Plastics have become ubiquitous in modern life due to their affordability and versatility. Their global demand has quadrupled in the past four decades and is expected to keep rising, resulting in dire consequences for the environment and human health.

However, a recent study published in Nature Sustainability sheds light on the overlooked threat posed by plastics production to the environment. Through meticulous analysis, researchers reveal that the global carbon footprint of plastics has doubled since 1995, reaching 2.2 billion tons of CO2 equivalent (CO2e) in 2015. This is higher than was originally estimated, and it accounts for 4.5% of the worldwide emissions of greenhouse gases.
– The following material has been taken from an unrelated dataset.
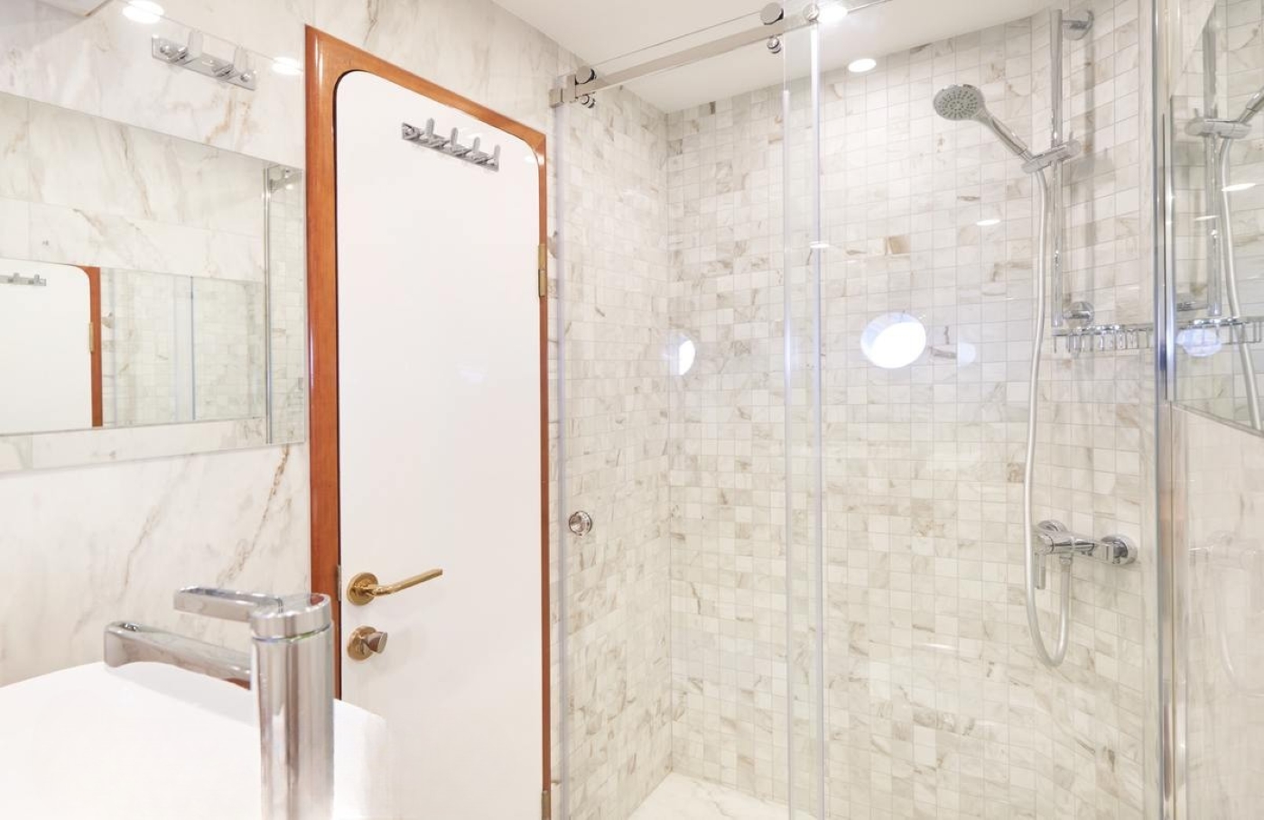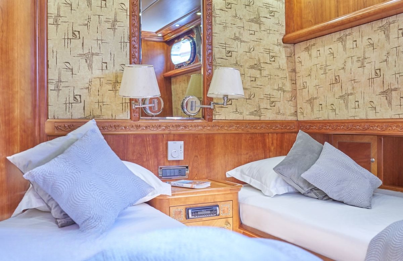 The yachts interior décor is traditional yet timeless with stunning cherry woods and neutral fabrics throughout. In the salon, the lounge is aft with full entertainment systems, while a small dining arrangement is forward.

While the public is aware of the environmental harm caused by plastic waste, such as microplastics polluting water and soil, the focus on the global environmental impact of plastics has primarily been on their disposal phase. There are few studies about the production of plastics, which also affects the climate and air quality.

Moreover uncovered by the researchers was a 70% rise in the worldwide impact of plastics from fine particulate air pollution, this resulted in over 2.2 million disability-adjusted lifespans (DALYs) in 2015. This alarming data underscores the urgent need to address the environmental impact of plastics production.

Here are the key findings from the study:

Plastics Production and Carbon Footprint

The team behind the study analyzed the climate and health impact of the global plastics supply chain over a 20-year period. They determined the greenhouse gas emissions generated across the life cycle of plastics - from fossil resource extraction, to processing into product classes and use, through to end of life, including recycling, incineration, and landfill.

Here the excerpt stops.